AbstractThe mixing of fluids at low Reynolds numbers is currently attracting widespread attention. This study proposes a novel type of static mixer, the tridimensional rotational flow sieve tray (TRST). The mixing performance of the laminar flow fluid was measured using the coefficient of variation (CoV). We investigated the effects of the number, mode, and spacing of the mixing elements; the main fluids, tracer Reynolds number, and tracer outlet position on the mixing performance of the TRST. The results showed that the mixing performance increased with the increase in the number of elements and the Reynolds number of the main fluid. The mixing performance was better when the elements were in the backward installation than in the forward installation.

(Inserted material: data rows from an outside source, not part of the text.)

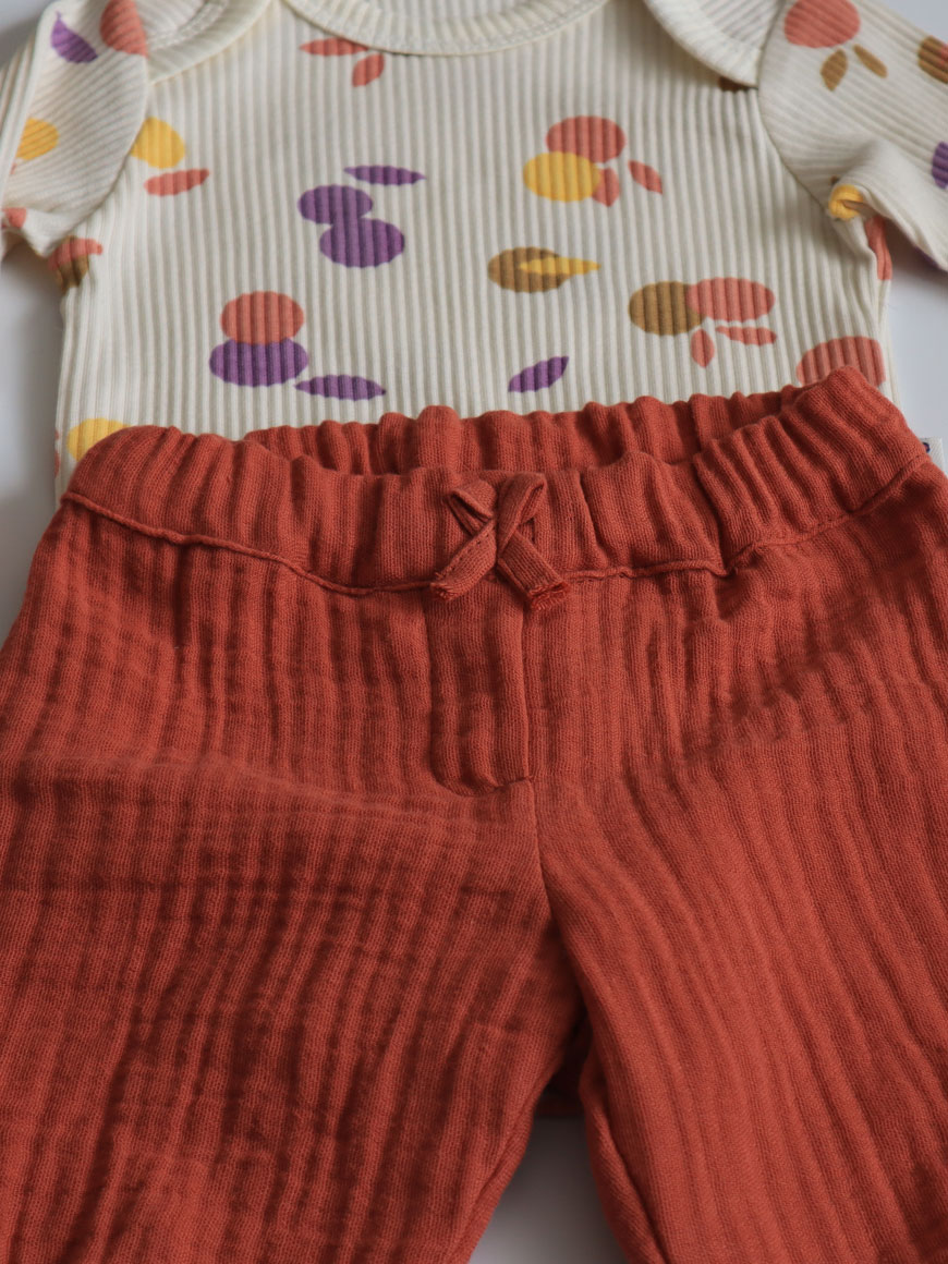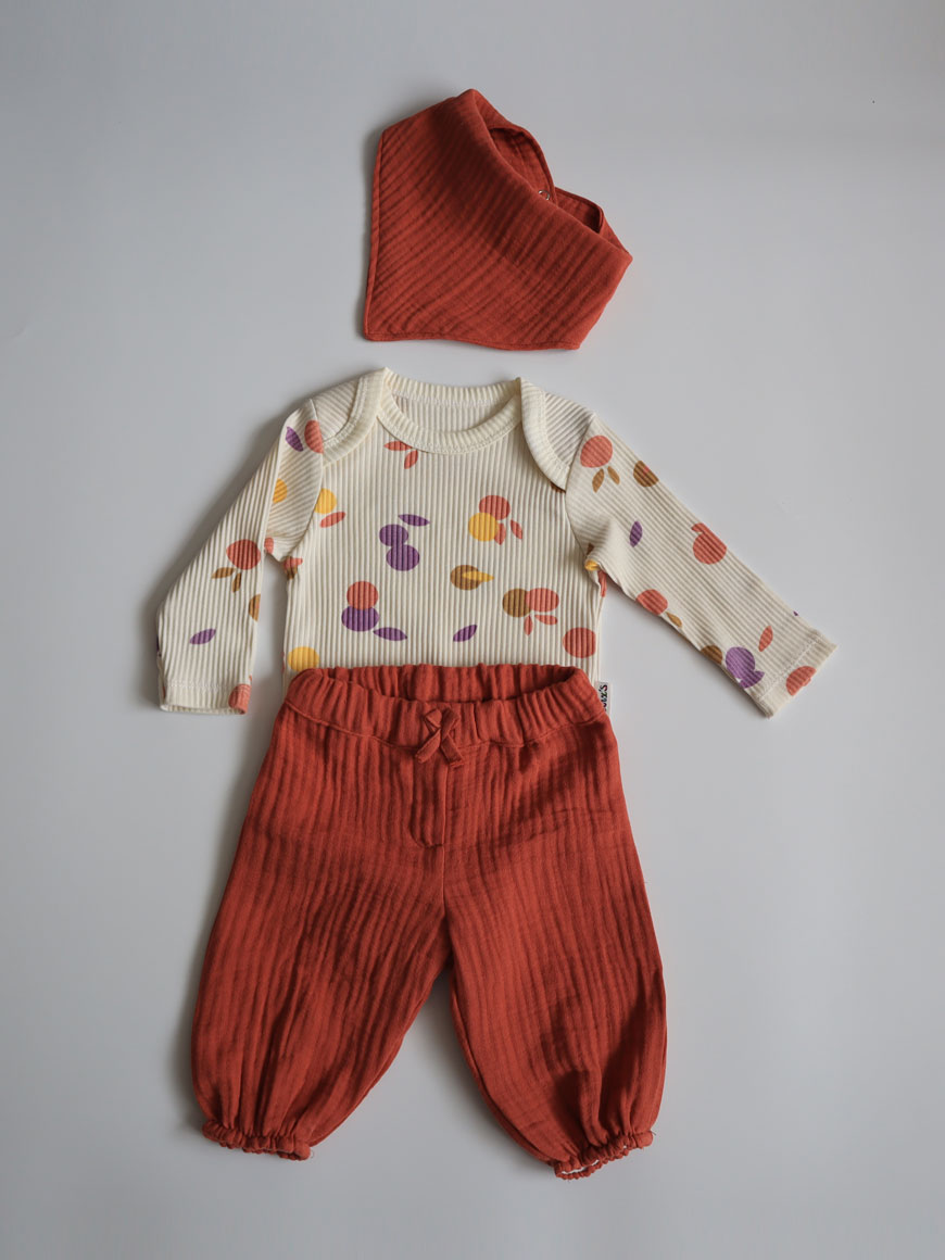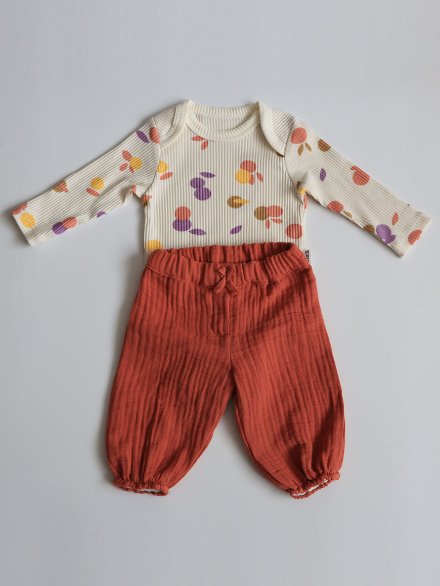 Fitilli kaşkorse Necix’s marka body. Pantolon ve yakalık müslin kumaştan hazırlanmıştır.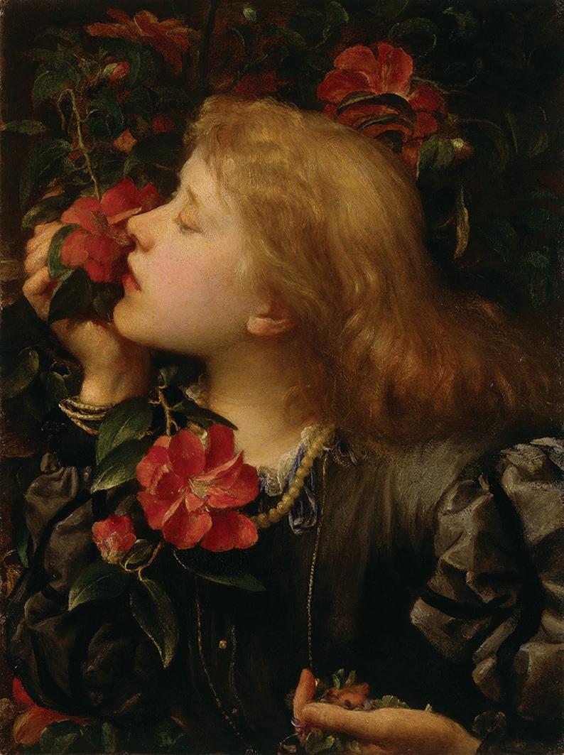 The portrait is the epitome of romance. It shows Ellen Terry in a bower of flowers, where she must choose between the earthly vanities, as symbolised by the showy but scentless red camellias, and the virtues of modesty and fidelity, as symbolised by the humbler but fragrant violets. The circumstances of the portrait were in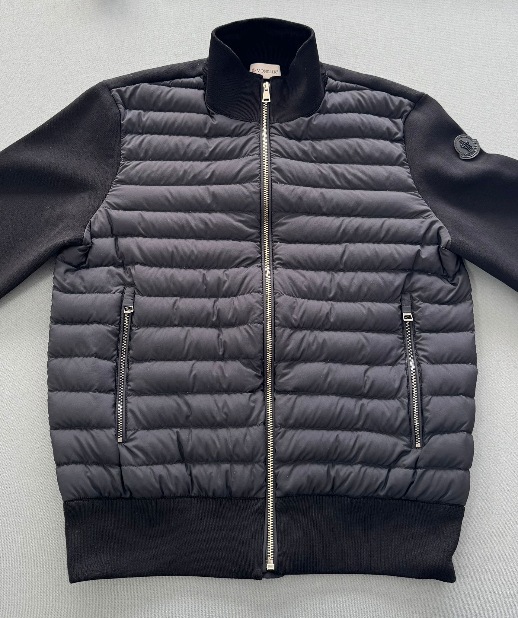 Moncler Navy Tricot Padded Contrast Sleeve Cardigan - Medium - PTP 20.5''
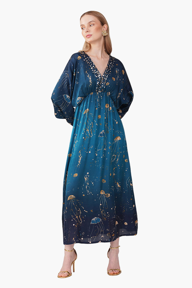 The Deep Sea Dream Ombre Maxi Dress is crafted for moments that call for drama wrapped in elegance. Its deep front V-neckline is highlighted with delicate sequin embroidery that catches the light with every move. The extended full sleeves end in cuffs finished with fabric buttons, adding sophistication to the flowy silhouette.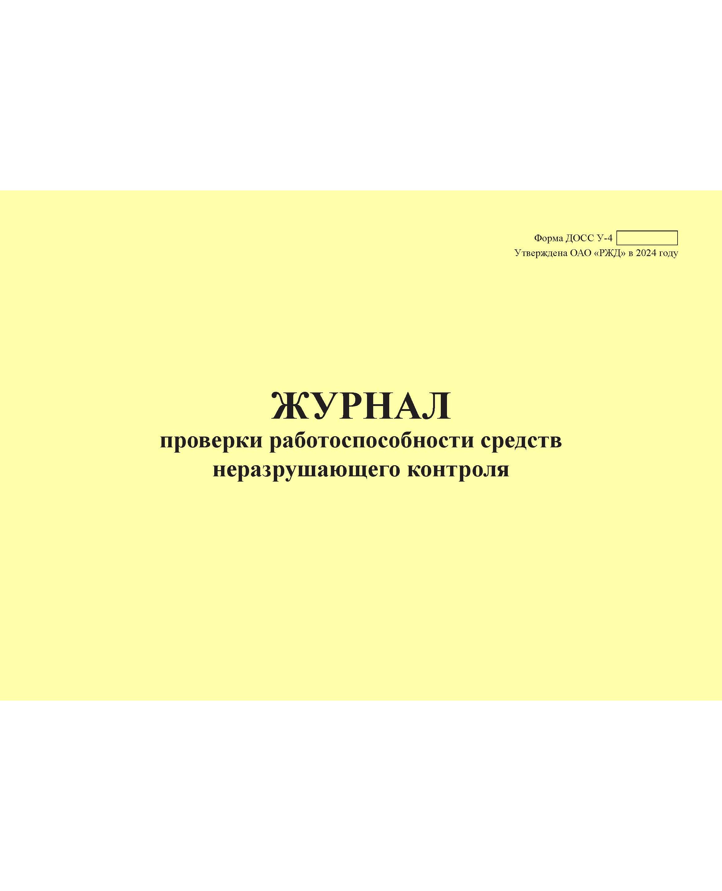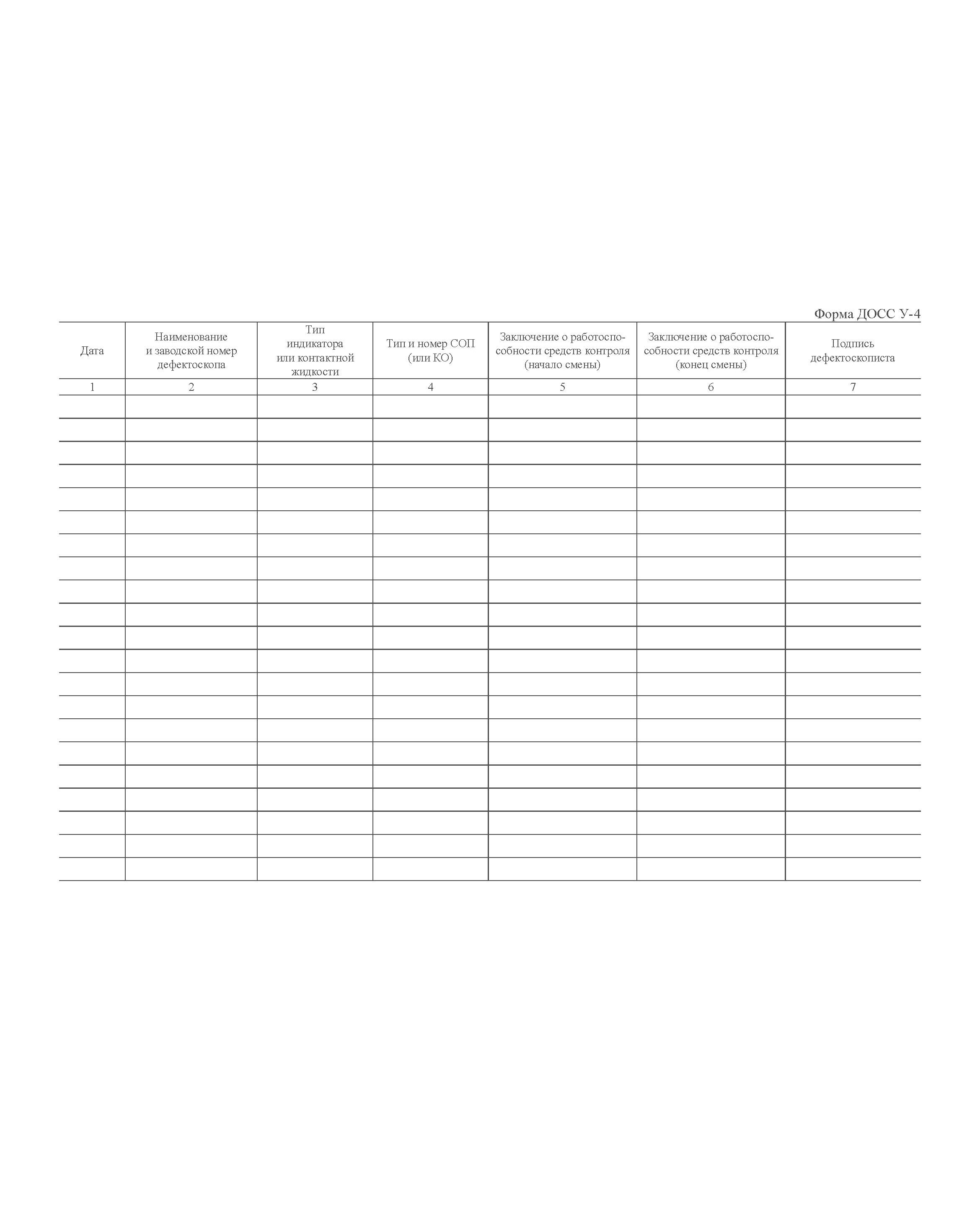 В журнале формы ДОСС У-4 регистрируются результаты проверок и настроек средств контроля на работоспособность при помощи стандартных образцов предприятия с искусственными отражателями и контрольными образцами с естественными дефектами пе-ред производством работ по дефектоскопии.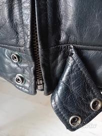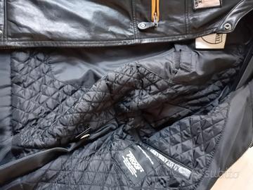 Giubbino in Pelle per donna taglia S. Modello sportivo. Regolabile in vita. Tasche esterne con chiusura zip e diverse tasche interne, una tasca interna sulla schiena per inserire la protezione, facoltativo. Io non l'ho mai messa. Materiale: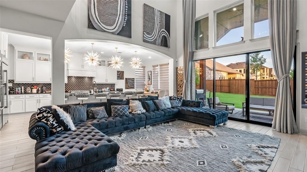 The family room features a high ceiling, floor to ceiling marble fireplace with floating shelves on both sides of the fireplace and glass sliders that lead out to the oversized 90ft backyard.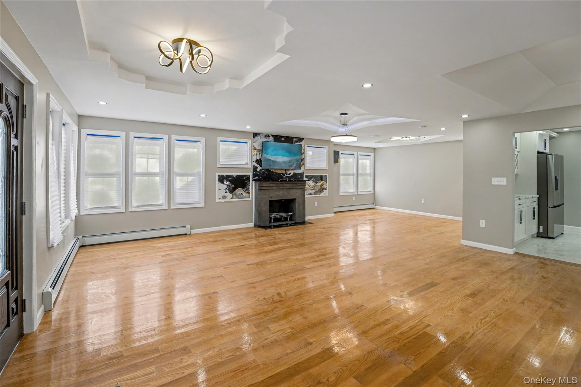 - Unfurnished living room with a raised ceiling, light wood finished floors, baseboard heating, a chandelier, and recessed lighting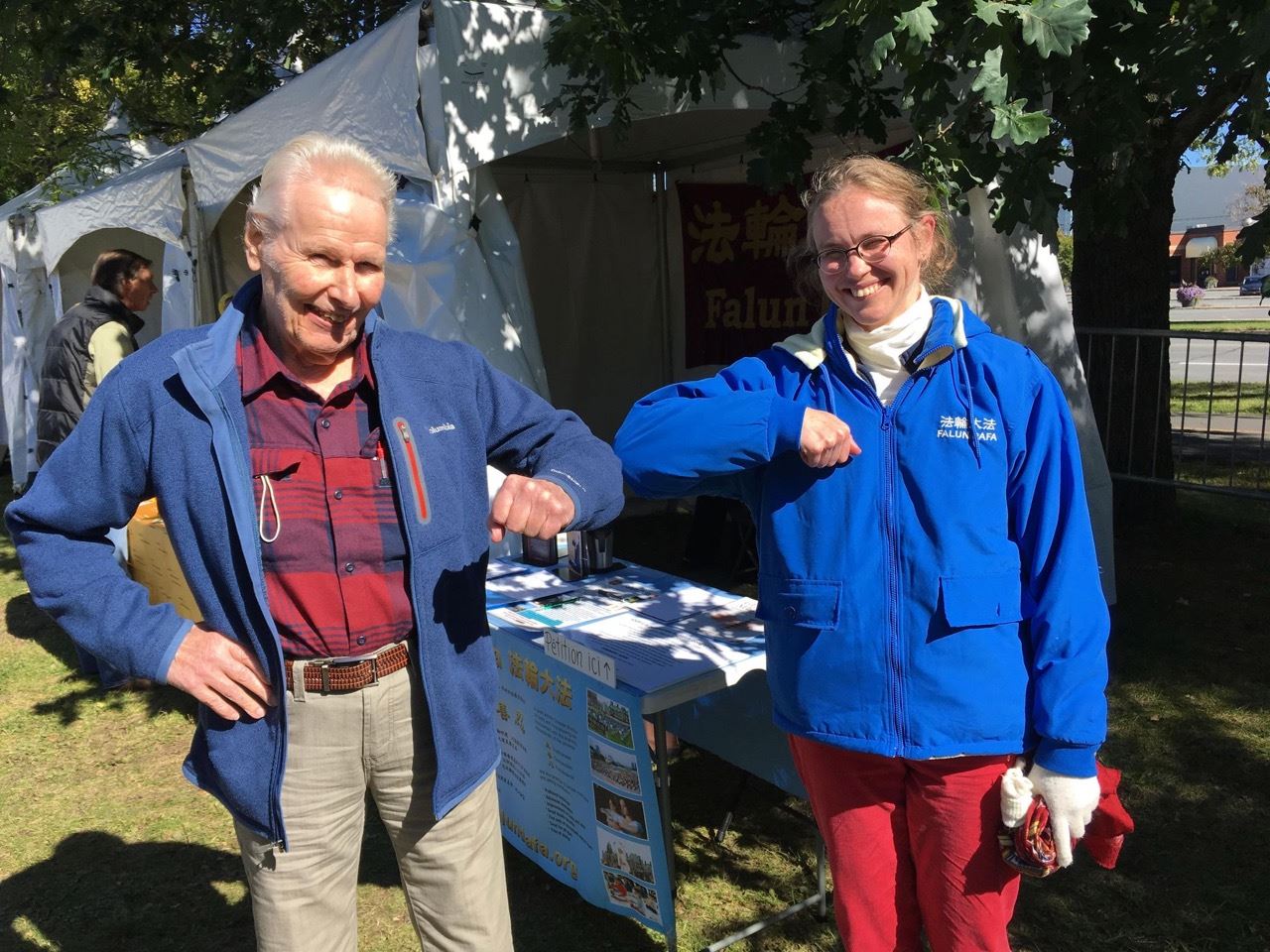 ![]() 图1:九十四岁的亨利-保罗·彼内特(左)与孙女在魁北克维多利亚城(Victoriaville)和平节上参加弘法活动。 |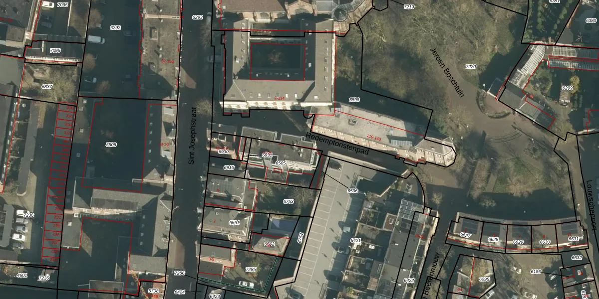 Redemptoristenpad 11 is gelegen op kadastraal perceel HTG00H6505. Deze kadastrale aanduiding is uniek en wordt gebruikt door het Kadaster om eigendomsrechten en andere zakelijke rechten vast te leggen. Het perceel maakt onderdeel uit van de kadastrale gemeente 's-Hertogenbosch.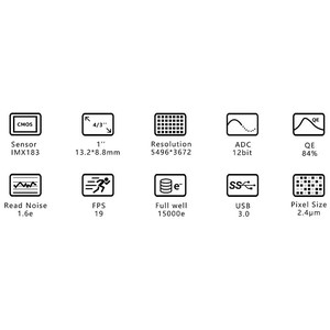 Na polu zastosowań astronomicznych, matryce Sony IMX183CLK-J (monochromatyczna) i IMX183CQJ-J (kolorowa) wykorzystują podświetlaną strukturę o bardzo wysokiej czułości i wysokiej rozdzielczości przy rozmiarze piksela 2,4 μm. Kamery ASI183 mają bardzo dużą pełną pojemność studni(15000e) dla tak małego rozmiaru piksela, szum odczytu 1.6e @ 30DB oraz 12-stopniowy zakres dynamiki @ Gain=0. Kamery ASI183 wykorzystują również funkcje firmware do minimalizacji efektu amp-glow dla maksymalnej wydajności w astrofotografii.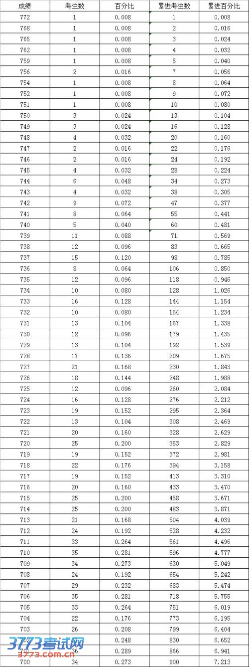 2013年庐江中考成绩已经公布!最高分是772分,如下是2013年庐江中考成绩分档表: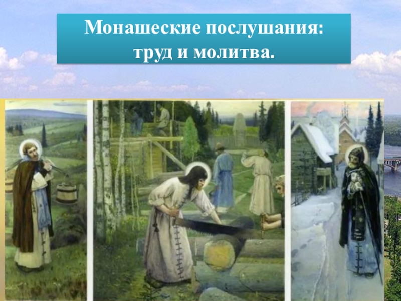 Слайд 13Монашеские послушания: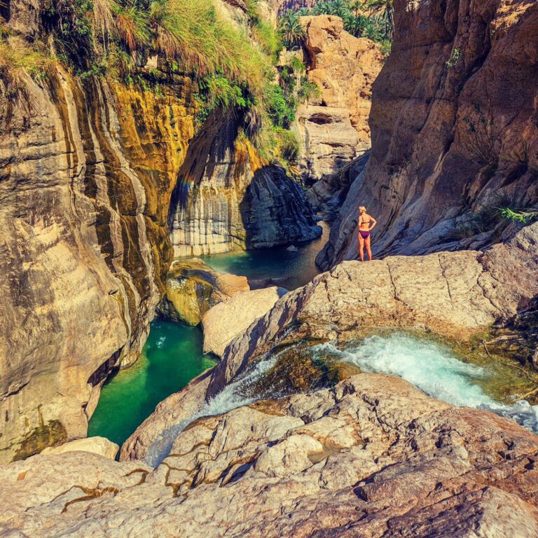 If Jebel Shams is about height, Wadi Shab is about depth — in every sense. Located between Muscat and Sur on Oman's Eastern Hajar coast, this emerald gorge is one of those places that genuinely looks too beautiful to be real. The hike begins with a short boat crossing (less than five minutes, a few rials) and then winds through a wide, palm-fringed wadi before narrowing dramatically into slot-canyon territory. The walls close in, the air cools, and then suddenly the path forces you into the water.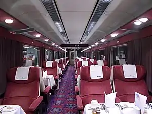 The interior of a Mark 2 Open First showing the former Virgin Trains West Coast Burgundy seat moquette trim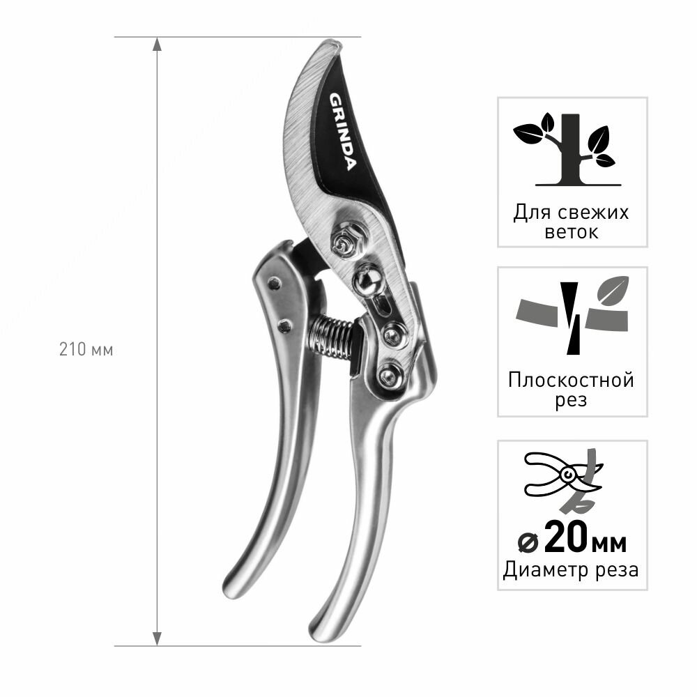 GRINDA 210 мм, с алюминиевыми коваными рукоятками, плоскостной секатор 423421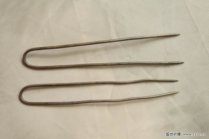 長8.5厘米,折開長十七八厘米的樣子,一對包老包銀,民國時期北方婦女用來綰籫的,價不高,可用能藏。

The tracer Reynolds number had little effect on mixing. The mixing performance first increased and then decreased with the increase in the radial distance of the tracer outlet. With the increase in the element spacing, the mixing performance first decreased and then increased. The experimental conditions that yield the best mixing effect are as follow: eight TRSTs in a backward installation; elements spacing of 40 mm; Reynolds numbers of the main fluid and tracer as 987 and 237, respectively; and tracer outlet radial distance of 8.5 mm. The calculated CoVa values of the empirical model had an average deviation of ±12% from the experimental values. Compared with commonly used static mixers, TRST showed good mixing performance.